July 30, 2018 / 3:19 PM / 4 months ago

Swiss Re, Security First team up on Florida flood cover

FILE PHOTO: The logo of the world's second largest reinsurer Swiss Re is seen inside the company's offices in Zurich, Switzerland, February 23, 2018. REUTERS/Moritz Hager

ZURICH (Reuters) - Swiss Re and Security First Insurance have teamed up to offer water damage insurance to homeowners in Florida using a new modeling system that could reshape the private market for insuring against floods, the Swiss reinsurer said on Monday.

The joint venture lets residents of the southern U.S. state include water damage, including flood coverage, in their homeowners policy.
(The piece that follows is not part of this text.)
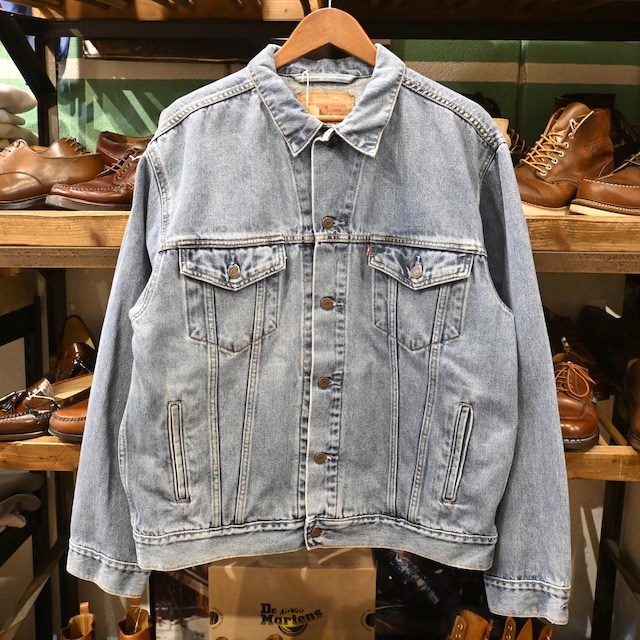 【商品名】 Levi’s 80-90’s USA製 70506-0216 Denim Tracker Jacket 【商品説明】 Levi’sを代表するトラッカージャケットの中でも、高い人気を誇る「70506」品番のデニムジャケット。 70505の系譜を受け継ぎつつ、実用性を高めた4thタイプのモデルで、80〜90年代頃のUSA製個体です。 淡くフェードしたブルーデニムの色味と、アタリ・縦落ちによる立体的な表情が魅力。 ヴィンテージらしい雰囲気を持ちながら、日常使いしやすいバランスの取れた一着です。 サイズは46Rのビッグサイズ。 身幅にゆとりがあり、オーバーサイズでの着用にも適したシルエット。 フーディーやスウェットの上からもストレスなく羽織ることができます。 胸元にはLevi’sの赤タブが付き、ブランドを象徴するディテールも備えています。 王道のLevi’sデニムジャケットでありながら、サイズ感で差がつく希少性のある個体です。 【サイズ】 表記:46R (実寸 着丈約58.5cm 肩幅約49cm 身幅約59cm 袖丈約62.5cm) 【素材】 コットン100% 【カラー】 ブルー / インディゴ 【生産国】 USA製 【コンディション】 USED特有の色落ち、アタリ、スレが見られますが、 着用に支障のある大きなダメージはありません。 ヴィンテージデニムとして良好なコンディションです。 [ご購入時の注意事項] こちらの商品は実店舗でも同時販売しておりますので、お時間差によりご注文頂いたお品をご用意できない場合がございます。あらかじめご了承くださいますようお願い申し上げます。 お使いのディスプレイの違いや撮影方法により、実物のお色味が若干写真と異なる場合がございます。 サイズについては実寸サイズを目安にご検討ください。 (実寸サイズには商品の個体差による若干の誤差がございます) [返品 交換について] USED商品となりますので、お客様の都合(サイズが合わなかった、思っていたのと違った)などの理由による返品や交換は原則受け付けておりません。 万が一ご購入の前に、ご不明な点や気になる事がございましたらお気軽に問い合わせフォームよりご連絡下さい。 [発送について] ヤマト運輸またはクリックポスト(商品サイズによる)にて、ご注文日から2日以内に発送させて頂きます。

Ratings are based on Swiss Re’s proprietary flood model, it said.

“The Swiss Re model generates a premium that is based on the unique characteristics of the exposure such as location of the structure, type of construction and insured value, rather than relying on rating tables which are less accurate,” it said.

Security First policyholders could be among the first to apply for enhanced coverage with a single deductible for wind and flood damage.

“This innovative policy is proof that flood is insurable in the private market and we believe it can be replicated throughout the U.S. to help solve a profound underinsurance issue,” said Keith Wolfe, Swiss Re’s U.S. president for property and casualty insurance.

Hurricanes Harvey and Irma clobbered the United States last year, increasing property damage. Flooding typically causes damage of around $15 billion a year in the U.S., of which only $5 billion is insured, a Swiss Re statement said.

Security First has started offering the optional flood and water backup coverage to customers and will handle distribution, administration and claims servicing.

U.S. Congress has been extending on a stopgap basis the federal flood insurance program after legislation that would drastically overhaul the system stalled in the Senate after passage in the House of Representatives.

Supporters of the overhaul say it would improve the amount of choice in the marketplace and stabilize rates. Critics have voiced concern it could result in drastic price increases for some flood-prone areas.